Records excerpted from a collection
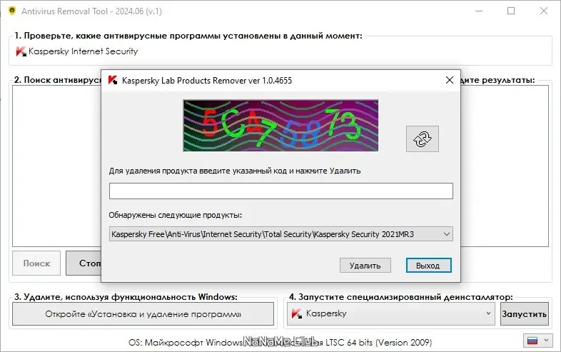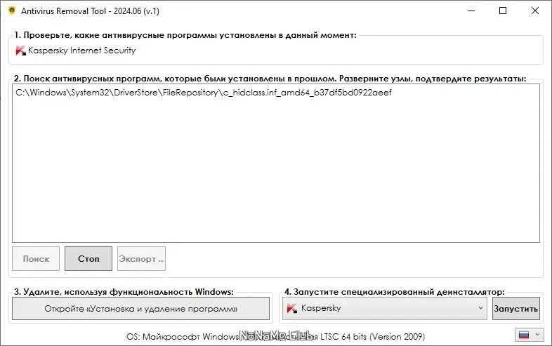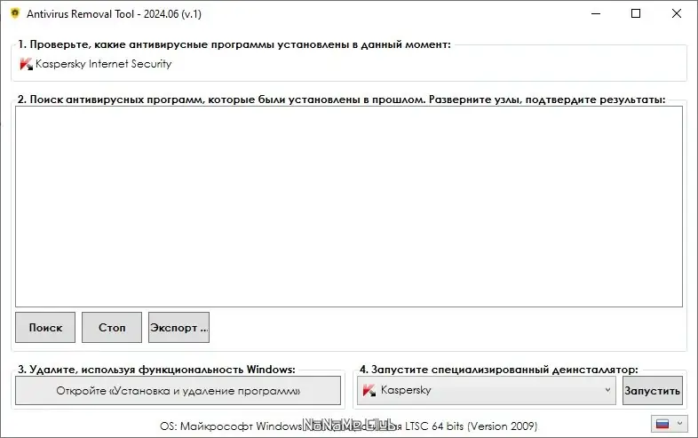 Для использования программы достаточно запустить её на компьютере, после чего автоматически начнется сканирование системы на наличие установленных антивирусных решений. В графической оболочке будет отображён список обнаруженных программ, среди которых может быть и Kaspersky. Пользователь выбирает нужный антивирус и нажимает кнопку для запуска официальной утилиты удаления. После завершения процесса рекомендуется перезагрузить компьютер для полной очистки системы. В случае необходимости можно выполнить дополнительное сканирование на наличие остатков программ безопасности и удалить их вручную.
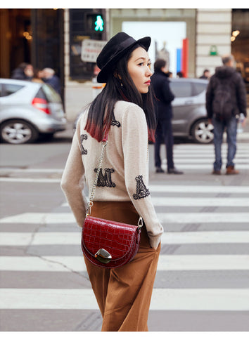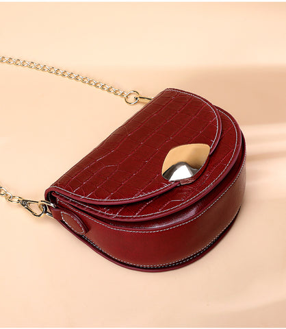 Li Ji | Original leather handmade | Crocodile pattern small fragrant chain saddle bag No. 10915
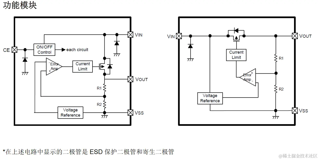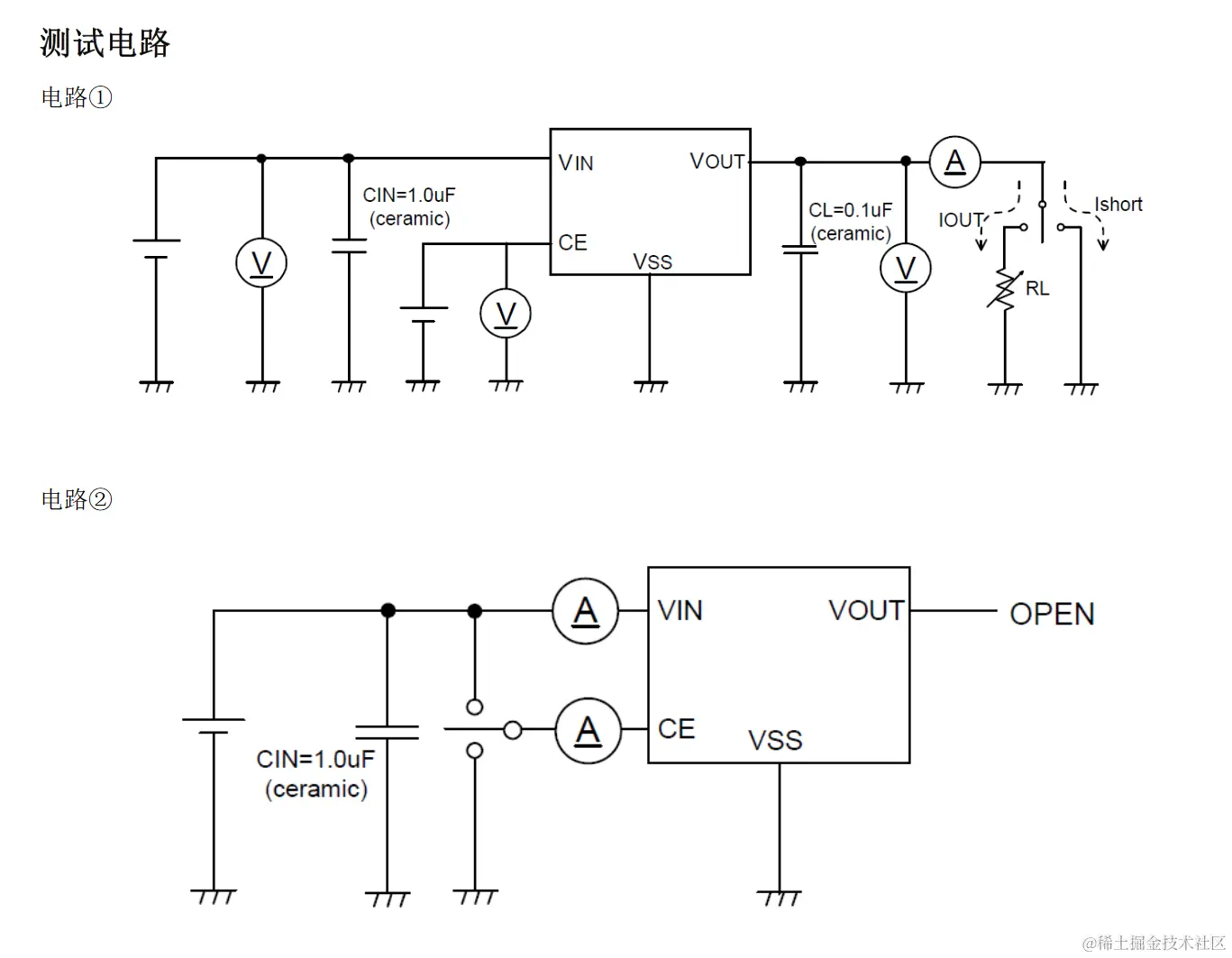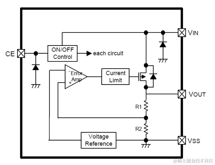 此外,为了防止瞬态响应引起的下冲和过冲,建议 VOUT 引脚和 VSS 引脚之间采用 0.1~1.0uF 的输出电容(CL)。
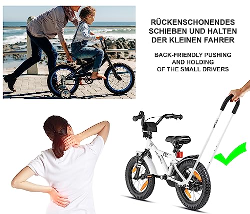 Prometheus Asta di spinta - Barra di sostegno per bicicletta bambini - Assemblaggio - Supporto per l'apprendimento della bicicletta regolabile in bianco edizione 2024
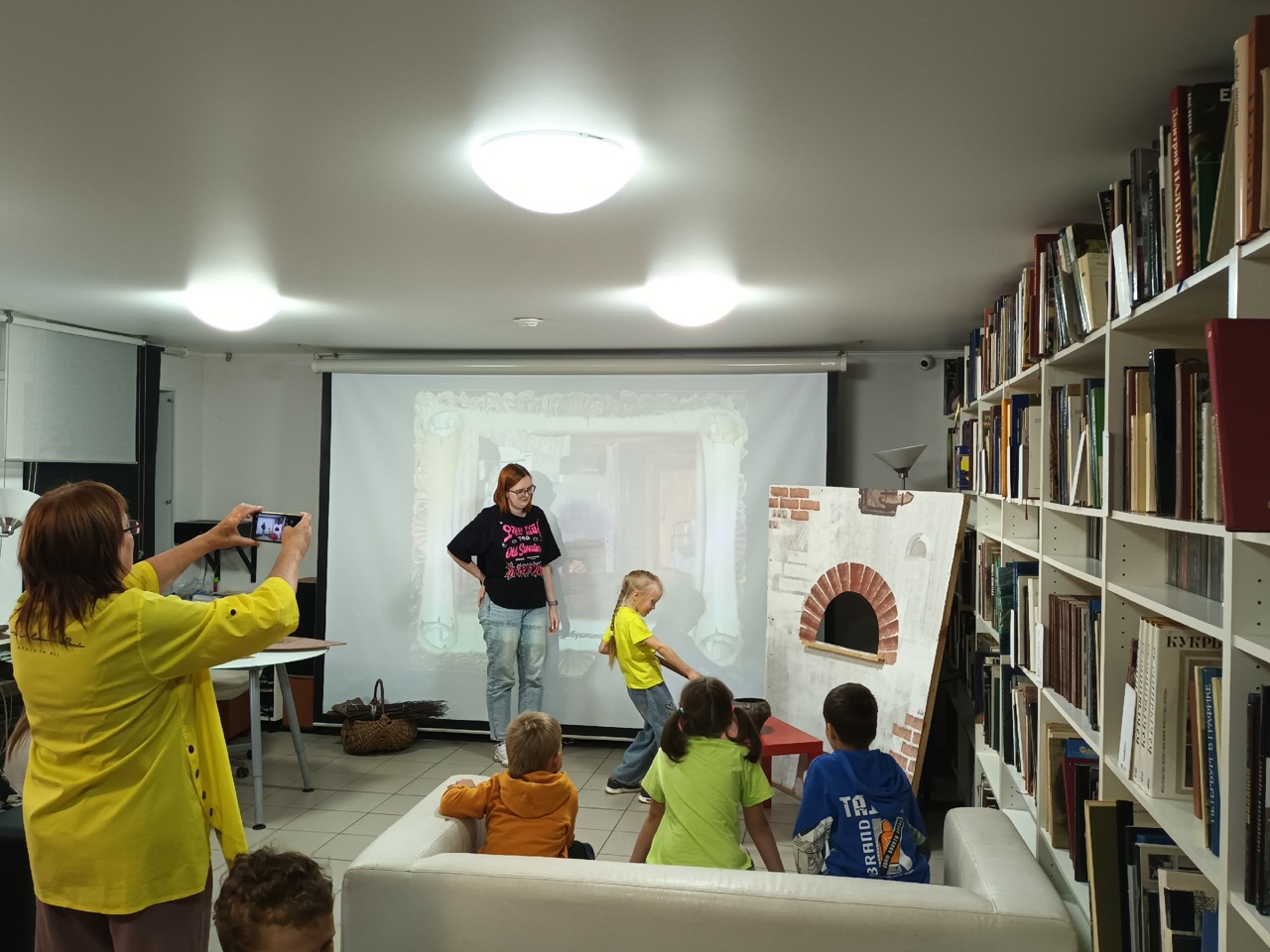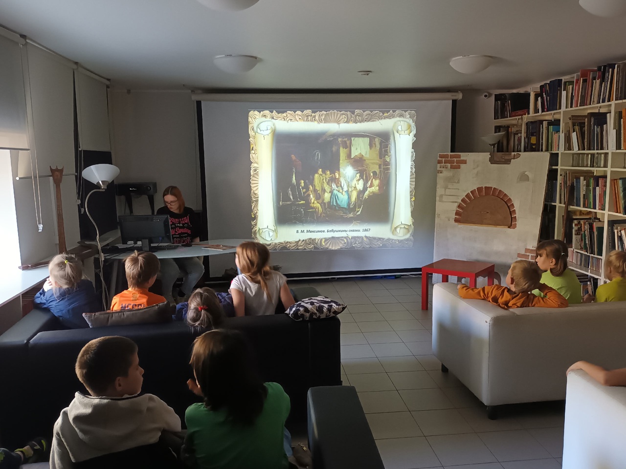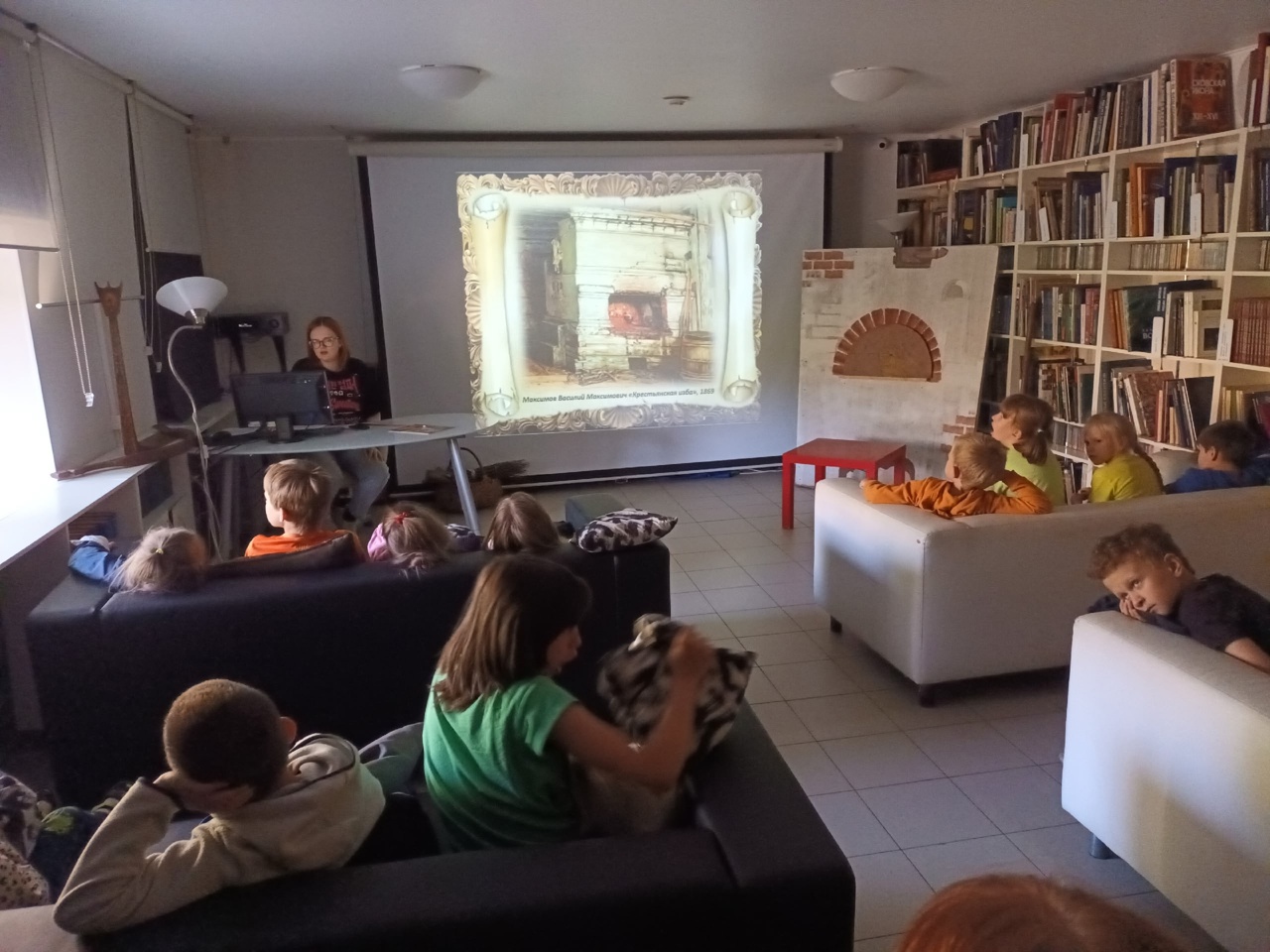 В виртуальном филиале Русского музея в Выборге ребята из социального центра отправились в далекое прошлое. Рассматривая картины  А. Саврасова, И.Репина, И. Левитана и других русских художников, дети узнали как выглядили жилища далеких предков, почему избы рубили, откуда возникло само слово "изба", что такое полати, бабий кут и красный угол. Вспомнили рецепты из русских народных сказок и предметы русского быта, воспользовались ухватом, коромыслом и кочергой, попытались спрясть нитку на старинной прялке. А также посмотрели фильм "Народное искусство".
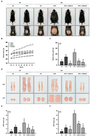 Effects of GABA on obesity in aged HFD-fed mice. (A) Representative images of mice. (B) Body mass during 8 weeks of GABA treatment. (C) Body mass gain after 8 weeks of GABA treatment. (D) Representative images of SAT and WAT. The scale of one grid is 1 mm. (E) SAT mass and (F) VAT mass after 8 weeks of GABA treatment. Values with different letters are significantly different: p < 0.05 (a > b > c > d > e > f).
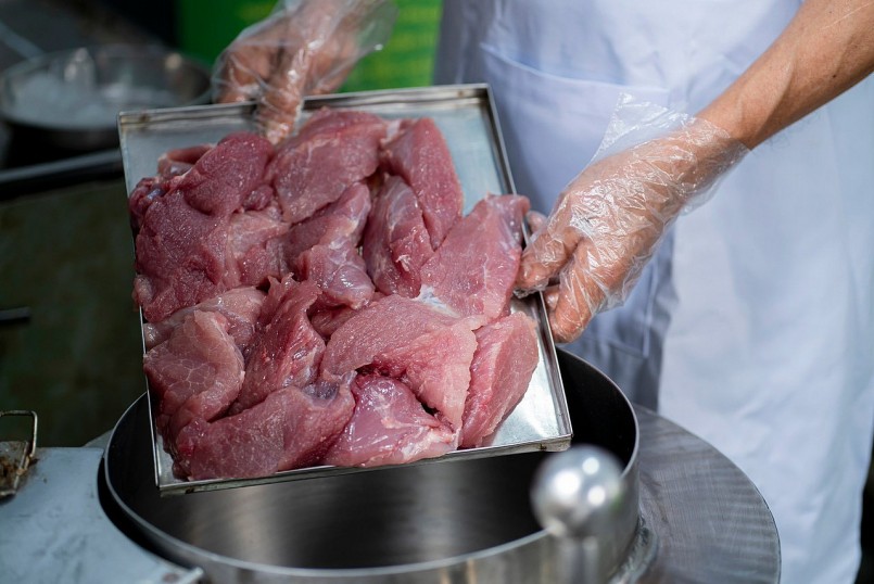 Sự tỉ mỉ, kỳ công trong việc làm giò chả Vạn Xuân Tân Ước được thể hiện qua nhiều khâu, từ việc chọn nguyên liệu đến chế biến thành phẩm.
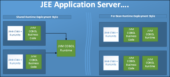 When choosing how to deploy the JVM COBOL run-time system that is required by JVM application code, consider the deployment options illustrated in this diagram:
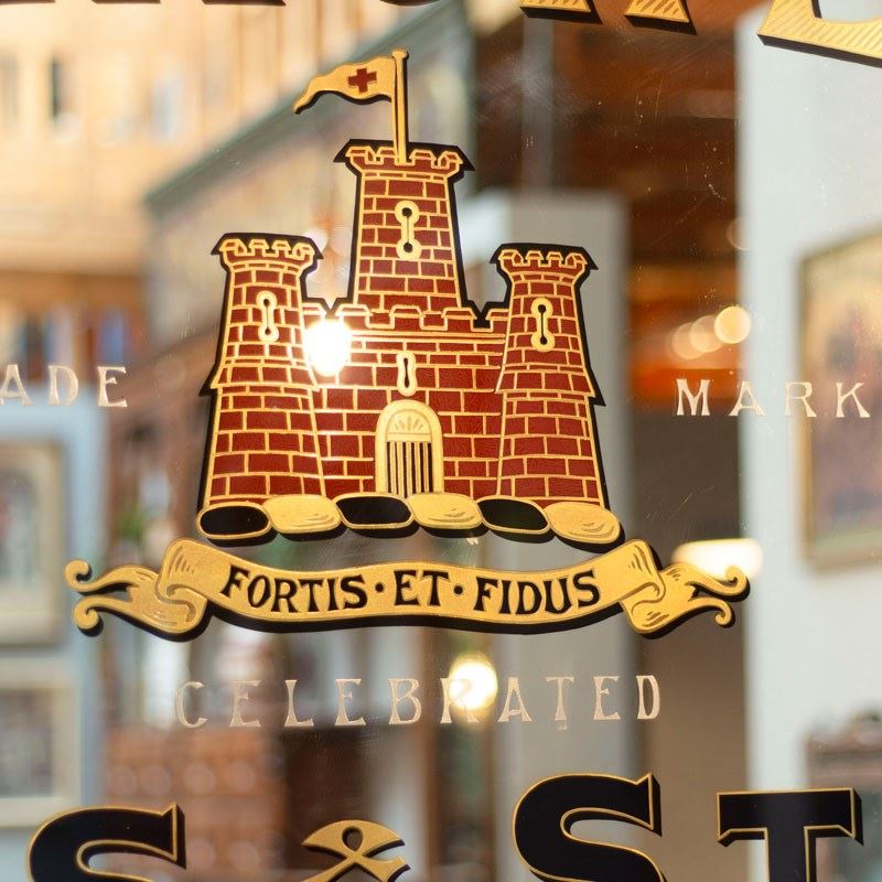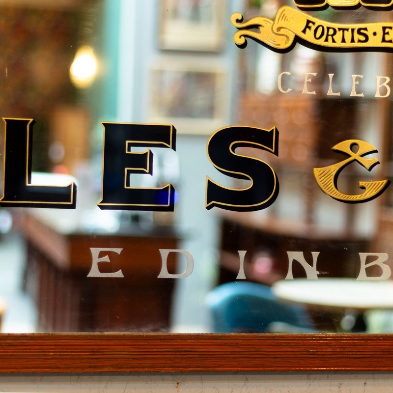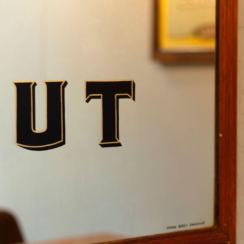 Machlachlan's pub mirror with reverse etched and gold leaf detailing by Knox Bros of Glasgow.

_What you should do_
Repeat all entries exactly. Skip the pictures.

_Your response_
 Для использования программы достаточно запустить её на компьютере, после чего автоматически начнется сканирование системы на наличие установленных антивирусных решений. В графической оболочке будет отображён список обнаруженных программ, среди которых может быть и Kaspersky. Пользователь выбирает нужный антивирус и нажимает кнопку для запуска официальной утилиты удаления. После завершения процесса рекомендуется перезагрузить компьютер для полной очистки системы. В случае необходимости можно выполнить дополнительное сканирование на наличие остатков программ безопасности и удалить их вручную.
 Li Ji | Original leather handmade | Crocodile pattern small fragrant chain saddle bag No. 10915
 此外,为了防止瞬态响应引起的下冲和过冲,建议 VOUT 引脚和 VSS 引脚之间采用 0.1~1.0uF 的输出电容(CL)。
 Prometheus Asta di spinta - Barra di sostegno per bicicletta bambini - Assemblaggio - Supporto per l'apprendimento della bicicletta regolabile in bianco edizione 2024
 В виртуальном филиале Русского музея в Выборге ребята из социального центра отправились в далекое прошлое. Рассматривая картины  А. Саврасова, И.Репина, И. Левитана и других русских художников, дети узнали как выглядили жилища далеких предков, почему избы рубили, откуда возникло само слово "изба", что такое полати, бабий кут и красный угол. Вспомнили рецепты из русских народных сказок и предметы русского быта, воспользовались ухватом, коромыслом и кочергой, попытались спрясть нитку на старинной прялке. А также посмотрели фильм "Народное искусство".
 Effects of GABA on obesity in aged HFD-fed mice. (A) Representative images of mice. (B) Body mass during 8 weeks of GABA treatment. (C) Body mass gain after 8 weeks of GABA treatment. (D) Representative images of SAT and WAT. The scale of one grid is 1 mm. (E) SAT mass and (F) VAT mass after 8 weeks of GABA treatment. Values with different letters are significantly different: p < 0.05 (a > b > c > d > e > f).
 Sự tỉ mỉ, kỳ công trong việc làm giò chả Vạn Xuân Tân Ước được thể hiện qua nhiều khâu, từ việc chọn nguyên liệu đến chế biến thành phẩm.
 When choosing how to deploy the JVM COBOL run-time system that is required by JVM application code, consider the deployment options illustrated in this diagram:
 Machlachlan's pub mirror with reverse etched and gold leaf detailing by Knox Bros of Glasgow.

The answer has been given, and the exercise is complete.